En Train de

“Q: Where shall we go? A: To the railway.”

The Railway Children by E Nesbit

In French grammar we learn a present progressive form of the verb to be, describing an action you are doing, an action on-going: en train de.

I’m sitting on a Virgin Train rushing headlong in a northerly direction, bound for Kingston upon Hull – UK City of Culture 2017. I’m going to see my little East Yorkshire family.

As is natural for me, I find myself transported into a scene from a novel or a film. This afternoon I’m Margaret Hale (played by Daniela Denby-Ashe) from Elizabeth Gaskell’s North and South. I’m staring out the window of a steam train, leaving the bright, sunny south and heading to the cold, industrial north.

The world is rushing past my window.

I spy with my little eye … ‘T’ – trains; ‘C’ – dirty cityscapes; W – woodlands; T -rusty train tracks.

I’ve done so much thinking and mulling the last few weeks that it’s a relief to sit (bounce even) along, watching and listening to the jolts and whistles of the train. I can almost smell the steam billowing around the train in the scene in my head.

2017 is still ticking over in precisely the way one would predict – rapidly proceeding from station to station with little to note along the way that I haven’t already remarked on.

But hope prevails, and like this train, I am on my way somewhere.

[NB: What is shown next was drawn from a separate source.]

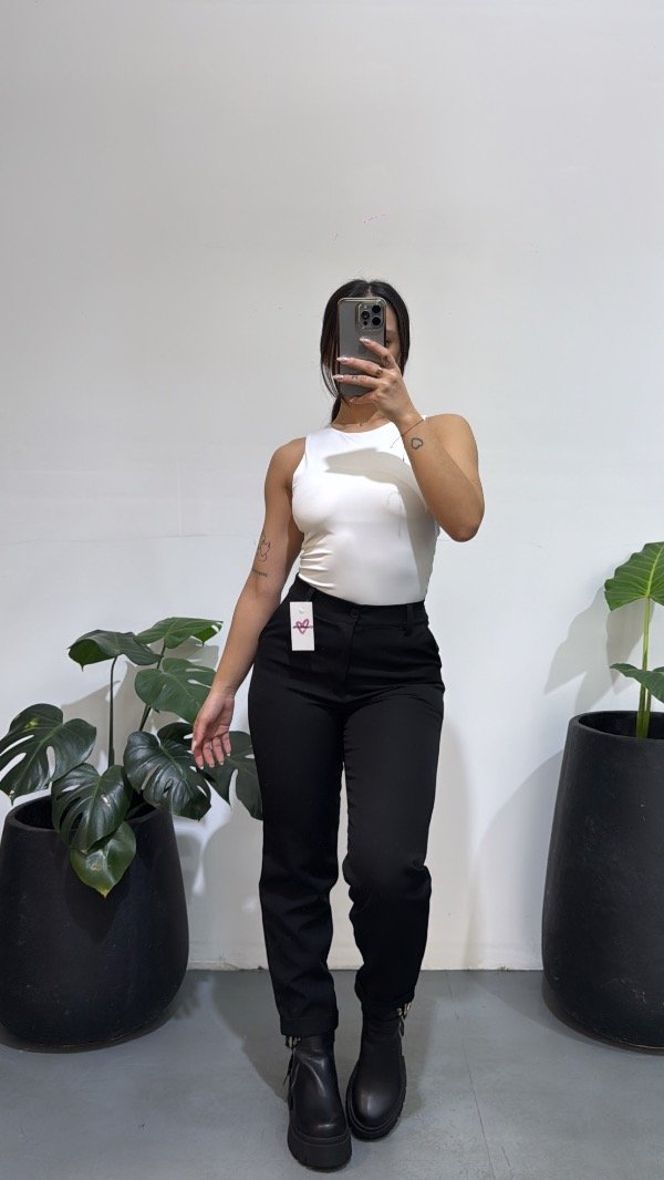 Pantalón sastrero con elástico con la cintura. Tiro alto.

Some of you are running alongside me saying: “Anywhere! Please, anywhere but here!” You are also on a journey, facing similar challenges, putting your foot in it and then having to learn the same lessons over and over again, marking the passing months on your calendar until the next exciting thing, eagerly taking photos of the spring blossoms and trusting that this is all evidence that change is just around the corner.

I feel your pain.

On Saturday I spent the day with a friend. We talked over and analysed life’s problems (according to us) most of the day. Then we sat in a sunny spot on a warm bench at Ham House for a full 30 minutes, our heads back, eyes closed, and simply soaked in the vitamin D. We were done with words. It was exquisite.

For at least a little while I prescribe myself: less mulling and analysing, more soaking up sunbeams, fewer words and a regular session of watching the world go by.

In other news, it’s Hubby who is living the high life. Since the start of the year he has been to Singapore, Malaysia, China, Holland, Dover, Edinburgh and St Petersburg. He’s currently somewhere in the air on his way to the Falkland Islands via the Ascension Islands.

Me? I go to Hull. Je suis en train de voyager à Hull.

I’ve tried to convince Hubby to write a guest blog for me, in which he details his far more glamorous life, but he is being evasive. Besides, he says, “It’s really just penguins in the Falklands.”

SMALL PRINT:
P.s What is it with any kind of journey that makes you want to eat and drink at times you would never ordinarily consume a drop or a crumb? By 17:35 (please note it’s now British Summer Time) I’d already bought something to nibble on and something to drink – neither suppertime nor teatime.
P.p.s. Promise I’ll tell you all about Leaf by Niggle soon.
P.p.p.s. I’ll try to get some photos of those penguins for next time.
P.p.p.p.s. My Dad loved trains. Sometimes my heart aches when I think that he’ll never fulfil his dreams of train trips across Romania and Russia.

 

 

 

2 thoughts on “En Train de

  1. Once more a lovely story of one of your many journeys.As a youngster I remember the summer holiday trips on the steam trains to Cumbria and Scotland.Now some of the steam trains are making a welcome return in some areas much to the delight of tourists and train spotters and today’s youngsters who have not experienced the steam engine era before.